Deubner was born in Ilensko-Tobolsk village, Tobolsk Governorate, Russian Empire, into a family of Catholic priests of the Byzantine rite, Ivan Deubner, his father having converted to Catholicism in 1903.
Ordained a priest in Constantinople in 1926 by Bishop Michael Mirov, Exarch of the Bulgarian Greek Catholic Church he was sent to work with Russian immigrants in the south of France, under the leadership of the priest Lev Gillet, OSB, serving in the House for Russian children in Nice.

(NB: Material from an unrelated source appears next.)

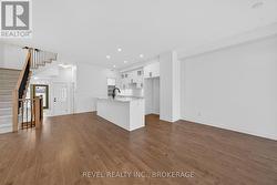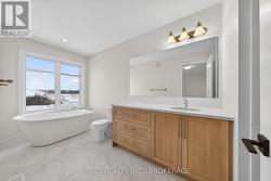 Welcome to The Camden Model! A move-in ready end-unit townhome with 2,160 sq ft of thoughtfully finished living space, located in Kingston's desirable northwest WoodHaven neighbourhood. The main level is highlighted by maple hardwood flooring, quartz countertops throughout, and a light-filled kitchen featuring white shaker-style cabinets, an upgraded sink, and a generous walk-in pantry. A gas fireplace adds warmth and character to the living area. Upstairs, the primary retreat offers a luxurious 4-piece ensuite with a freestanding soaker tub and a sleek walk-in glass/tile shower. The finished basement expands your living options and includes a bathroom rough-in for future flexibility. ENERGY STAR certified, this home blends modern design with efficiency and everyday comfort. (id:27)

In 1928 Alexander Deubner and Gillet abandoned Catholicism and joined Orthodoxy[1] under the jurisdiction of the Orthodox Metropolitan Eulogius (Georgievsky) of the Western European Exarchate of Russian Orthodox parishes, but shortly after, at the request of his (Catholic) father suffering exile within Russia, Alexander returned to Catholicism, working in the Commission "Pro Russia" and being secretary of Bishop Michel d'Herbigny.
[2][3] In 1932 he left the ministry for 'not very honourable' reasons and went to Berlin where he was denounced as a Soviet spy, but in 1933 he returned to Rome, and shortly went to Paris.
He was held in Butyrka prison in Moscow and was sentenced to 10 years but he died in the Gulag on 5 May 1946.